Problem requirements
Everything from the line holding "レンガの建物がライトアップさ" through the last line of the data, and nothing else, should be retyped exactly, with no pictures.

Data
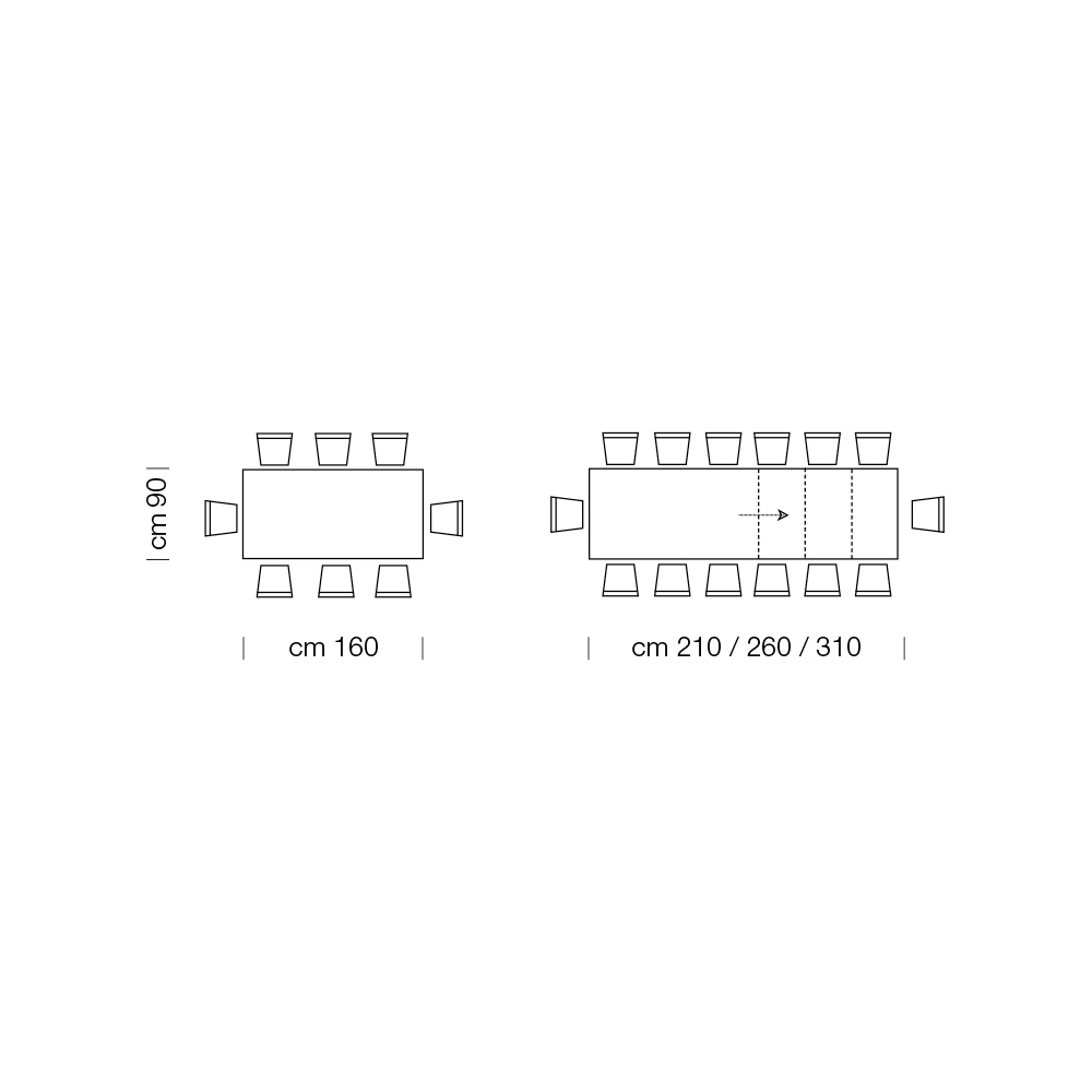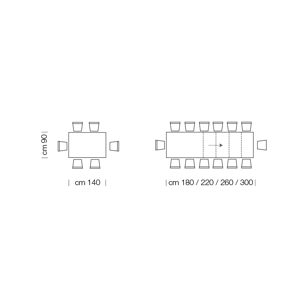 طول 160 (260) × عمق 90 × ارتفاع 75 سم، 12 مقعدًا قابلة للتمديد مع امتدادين داخليين يبلغ طول كل منهما 50 سم؛
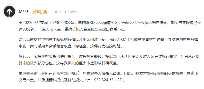 前几日,一位汇友投诉在XM平台无法入金。9月28日凌晨,汇友预料到订单需要追加保证金来防止爆仓,但是当时XM电脑端的入金通道已经关闭,与此同时,手机端入金端口也无法连接。汇友当时就找了XM平台的客服沟通入金事宜,与对方协调了一个半小时,最终也还是入金失败。这直接导致汇友的账户爆仓,损失了3万多美金。
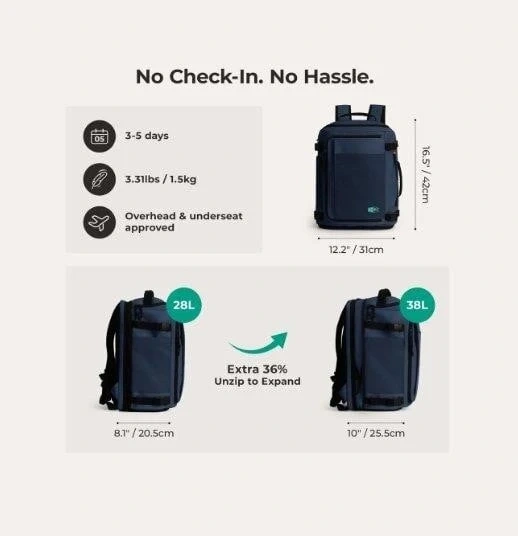 This Bags Mart backpack is navy blue and offers 28L of space. It expands to 38L and fits up to a 15.6" laptop. It's overhead and underseat approved for trips up to 3-5 days.
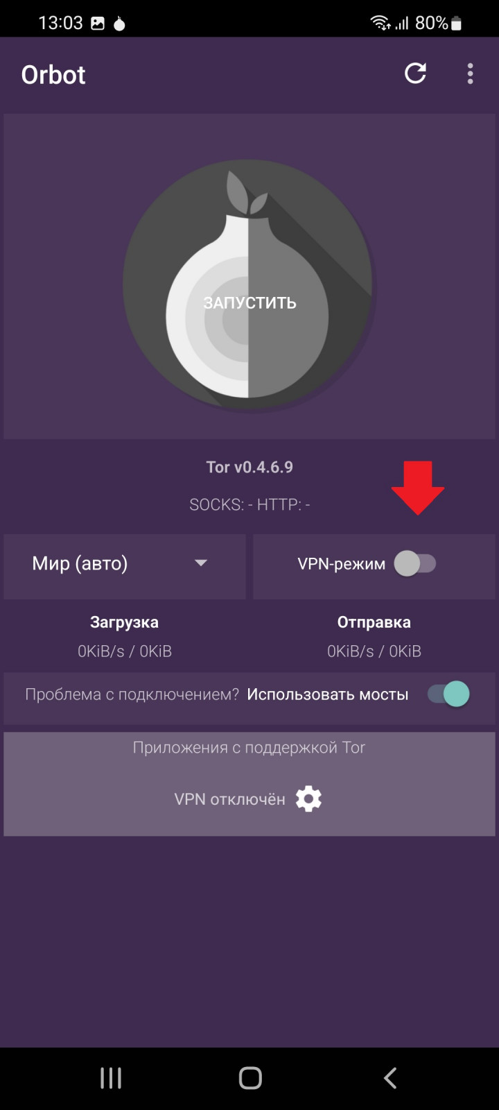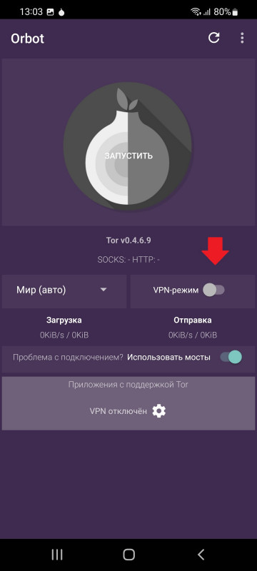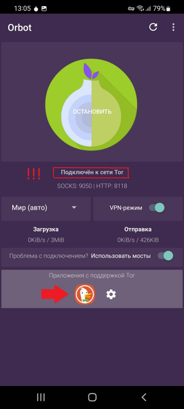 После того как установили оба приложения, заходим в Orbot.
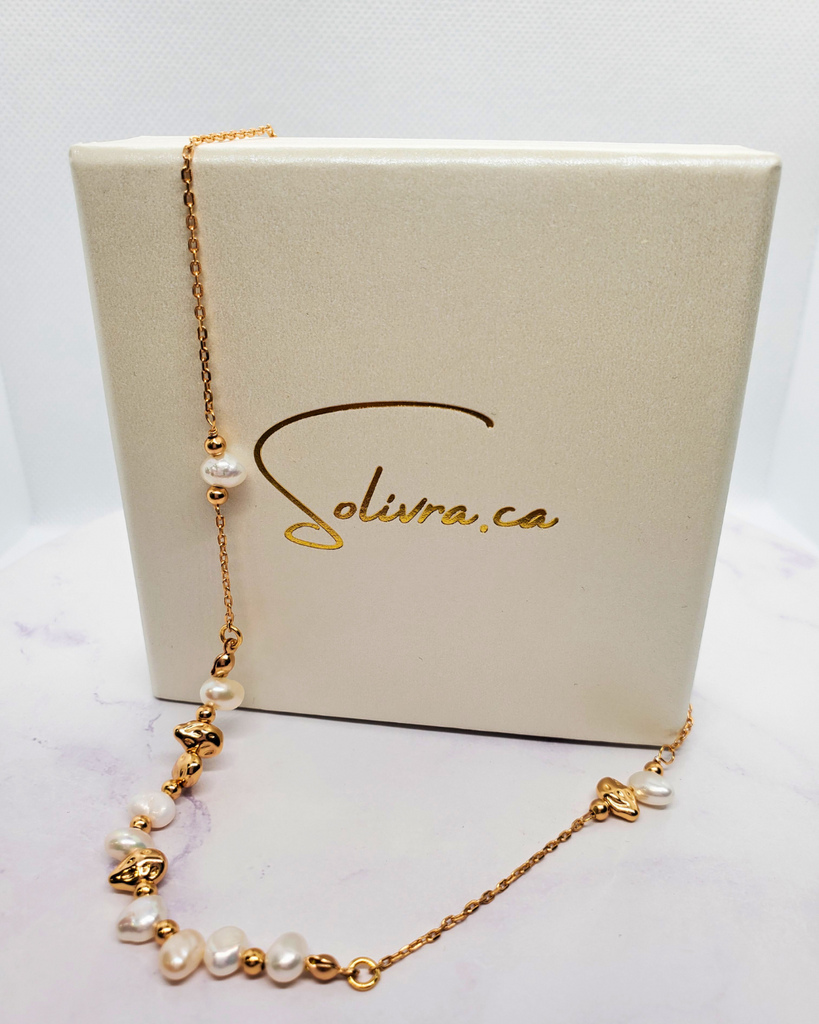 D) Elaria Pearl Necklace - 18K Gold Vermeil finish on 925 sterling silver base, Freshwater pearls, Total Length: 200mm (adjustable length 160-200mm), Weight: approx. 8g
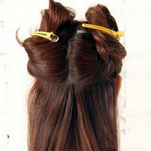 2、把头发上下左右均分为四个部分,并使用夹子固定好发束。
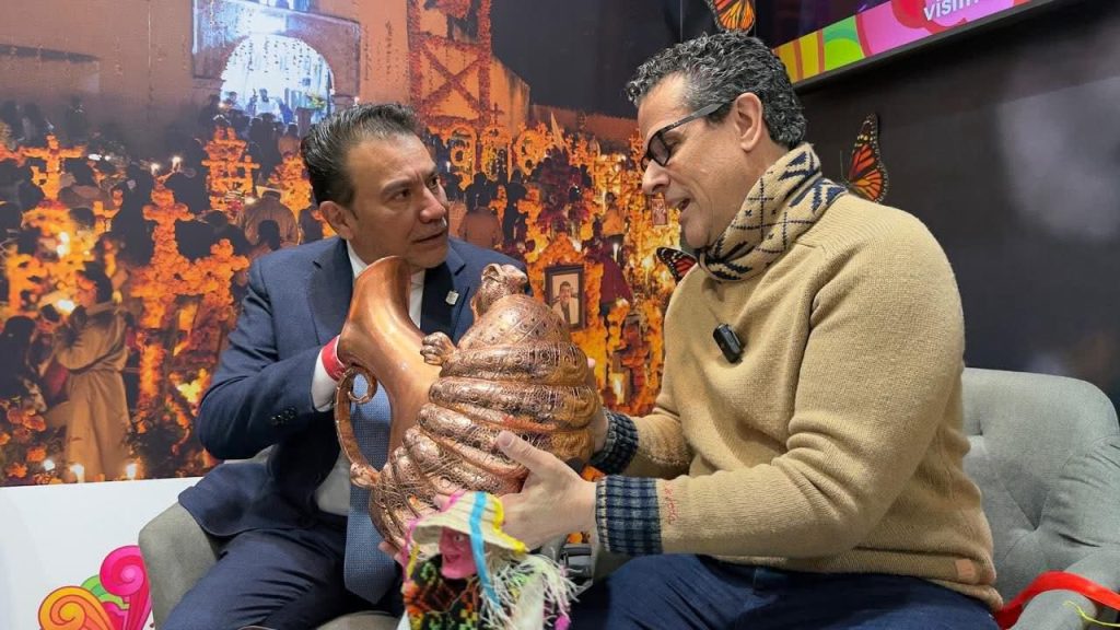 Madrid, España, 22 de enero de 2026.-Michoacán sigue enamorando desde la Feria Internacional de Turismo (Fitur) 2026 en Madrid, España, y ahora tocó el turno a dos figuras públicas ampliamente conocidas en su rubro: el conductor mexicano Marco Antonio Regil, y la diseñadora de moda española, Ágatha Ruiz de la Prada, quienes llegaron al estand de “el alma de México” para reconocer su grandeza y maravillarse con sus atractivos turísticos, naturales y culturales.
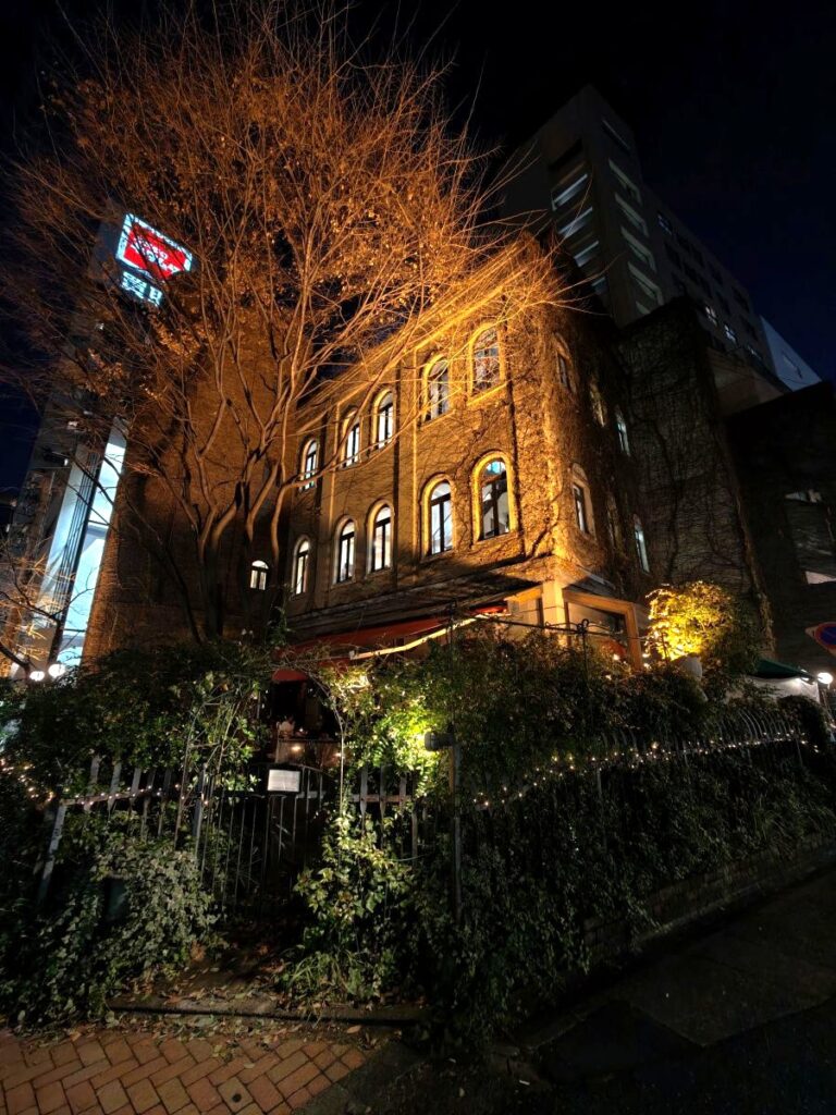 レンガの建物がライトアップされてきれいなダイニングバー「air cafe(エールカフェ)栄店」
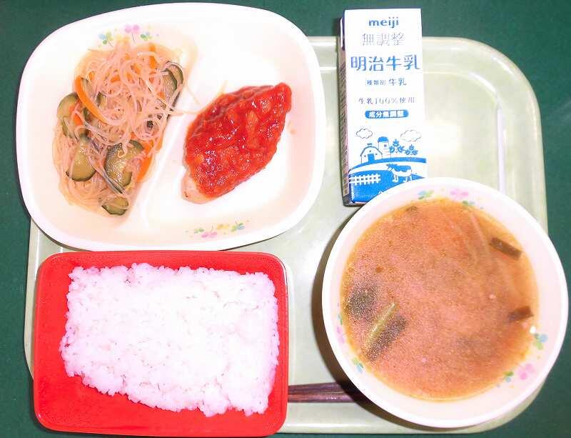 給食で使っているはるさめは「緑豆でんぷん」から作られ、つるりとした食感が特徴です。今日は、はるさめサラダです。こしのある、つるりとした食感を味わってください。
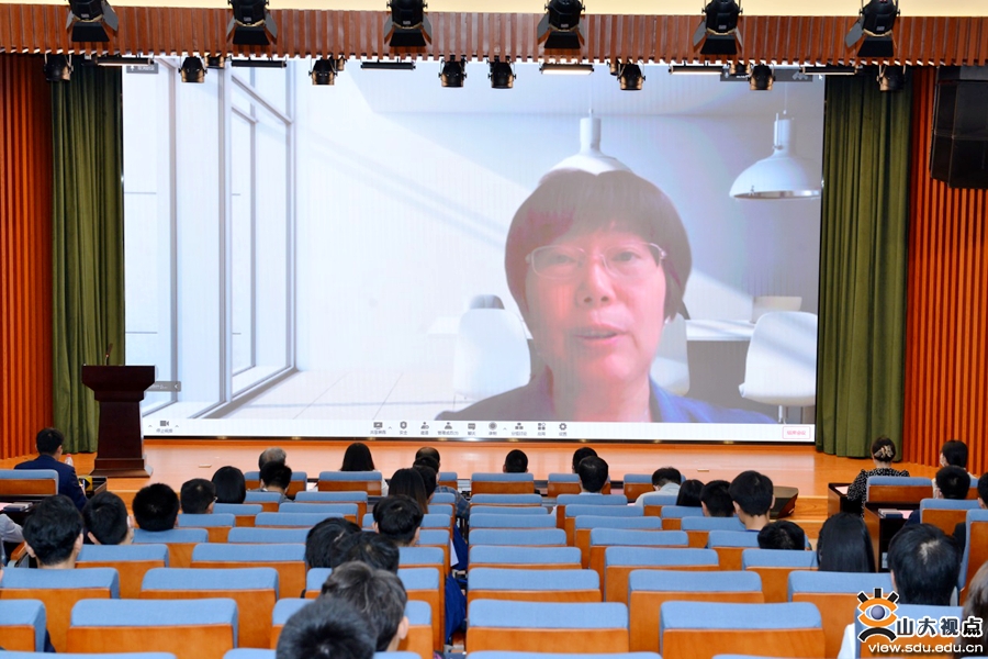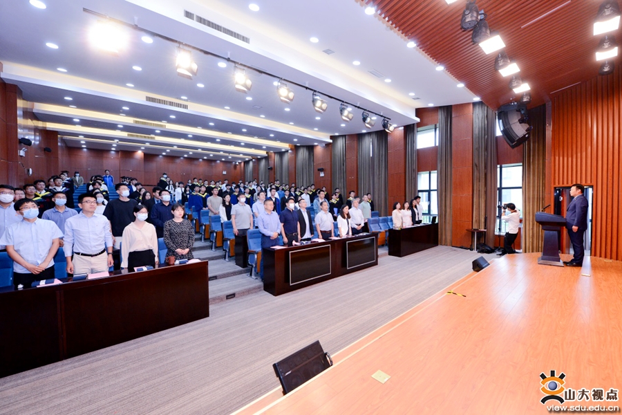 王美琴宣读2022届山东省、山东大学优秀毕业生表彰决定,并对同学们的优异成绩表达衷心的祝贺。她希望同学们在未来的道路上可以坚持自我,敢于有梦、勇于追梦、勤于圆梦,终身学习,终身正直,终身热爱,终身坚守,奋力谱写人生精彩旅程。

Answer box
 レンガの建物がライトアップされてきれいなダイニングバー「air cafe(エールカフェ)栄店」
 給食で使っているはるさめは「緑豆でんぷん」から作られ、つるりとした食感が特徴です。今日は、はるさめサラダです。こしのある、つるりとした食感を味わってください。
 王美琴宣读2022届山东省、山东大学优秀毕业生表彰决定,并对同学们的优异成绩表达衷心的祝贺。她希望同学们在未来的道路上可以坚持自我,敢于有梦、勇于追梦、勤于圆梦,终身学习,终身正直,终身热爱,终身坚守,奋力谱写人生精彩旅程。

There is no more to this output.